Case report of rare congenital cardiovascular anomalies associated with truncus arteriosus type 2

• Published in: Heliyon Vol. 8; no. 10; p. e11033
• Main Authors: Alizadeh, Leona S., Koch, Vitali, Grünewald, Leon D., Yel, Ibrahim, Mathies, Daniel, Rauschning, Dominic, Vogl, Thomas J., Booz, Christian
• Format: Journal Article
• Language: English
• Published: Elsevier Ltd 01.10.2022; Elsevier
• Subjects: Cardiovascular diseases; Case Report; Congenital; Fetal heart; Heart defects; Truncus arteriosus; Heart defects; Congenital; Cardiovascular diseases; Fetal heart; Truncus arteriosus
• ISSN: 2405-8440; 2405-8440
• DOI: 10.1016/j.heliyon.2022.e11033

Truncus arteriosus (TA) is a very rare congenital anomaly with complex cardiovascular anatomy and high lethality also due to severe associated anatomical variants and pathologies.
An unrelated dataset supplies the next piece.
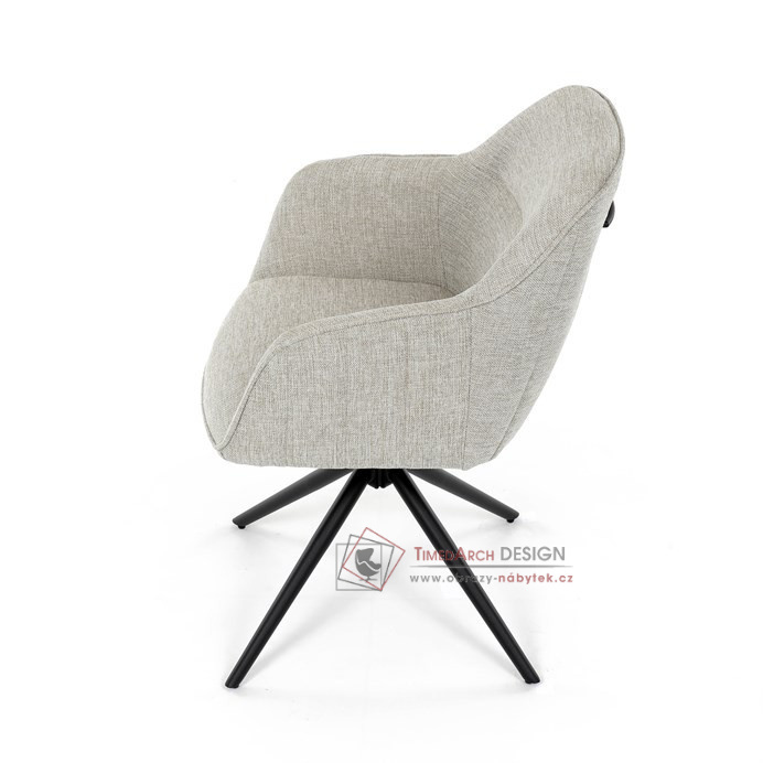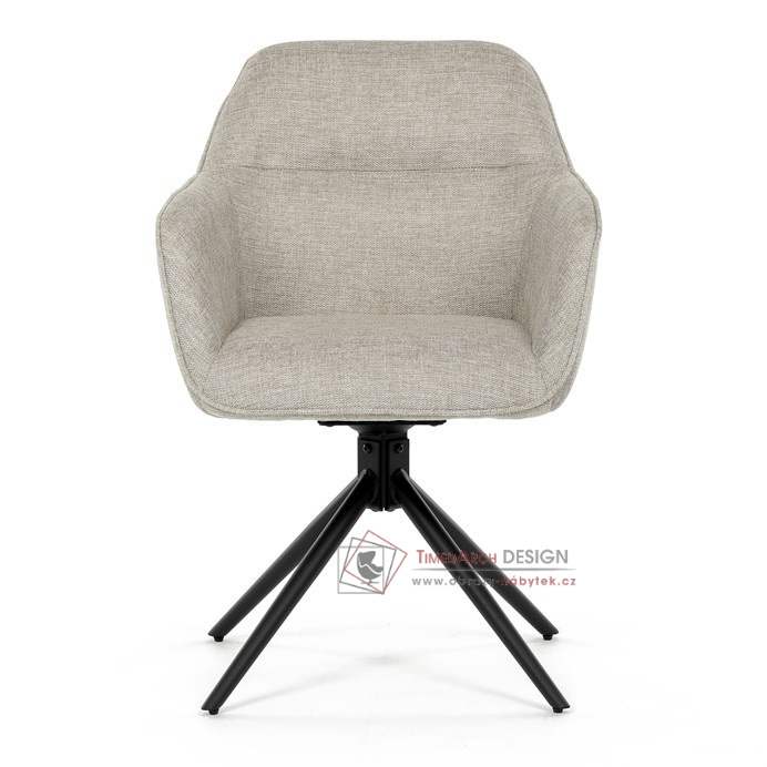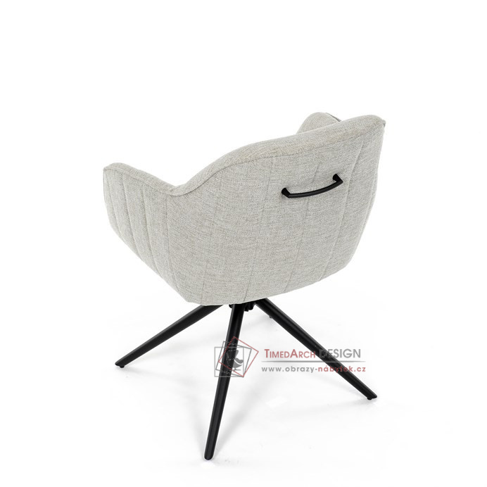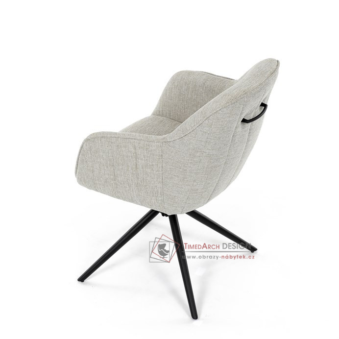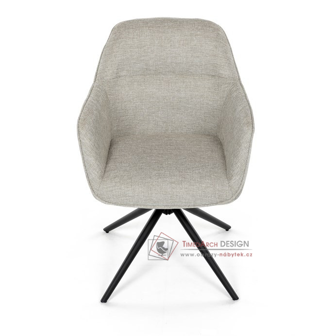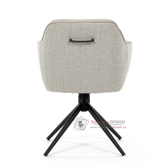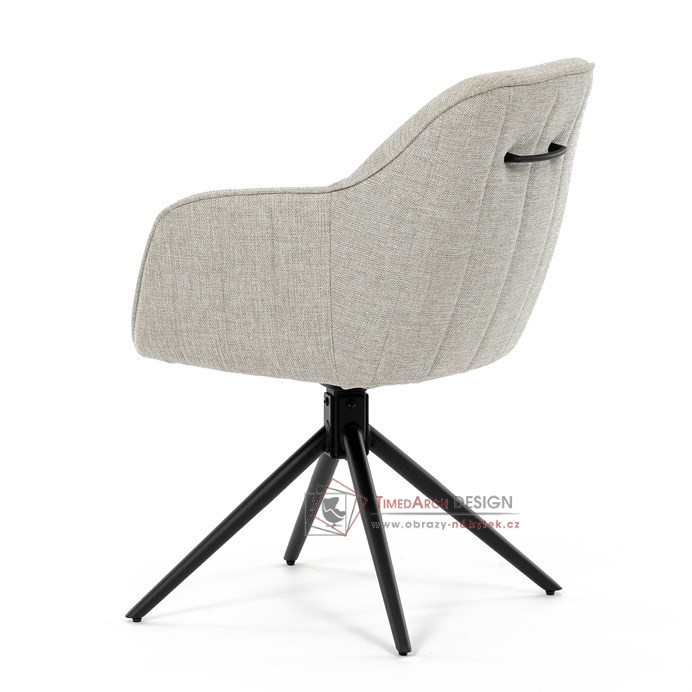 Prošití je v barvě potahového materiálu. Zadní část opěráku je opatřena vkusným madlem pro snazší manipulaci. Čtyři kovové nohy v matném práškovém nástřiku vycházejí z centrálního bodu ve středu sedáku. Sedák je otočný o 180° s tvarovou pamětí.

As TA has a massive impact on the survival of a newborn and usually has to be surgically treated. Thus, it is of high importance to understand this congenital cardiovascular disease and associated complications, to improve life expectancy and outcome of these patients. We recently came across a newborn female patient with a rare complex case of persistent TA type 2 associated with further complex cardiovascular anomalies, who received a contrast enhanced CT scan on the 3 rd day post-partum, showing complex cardiovascular abnormalities that were ultimately incompatible with life. Truncus arteriosus; Fetal heart; Cardiovascular diseases; Heart defects, Congenital.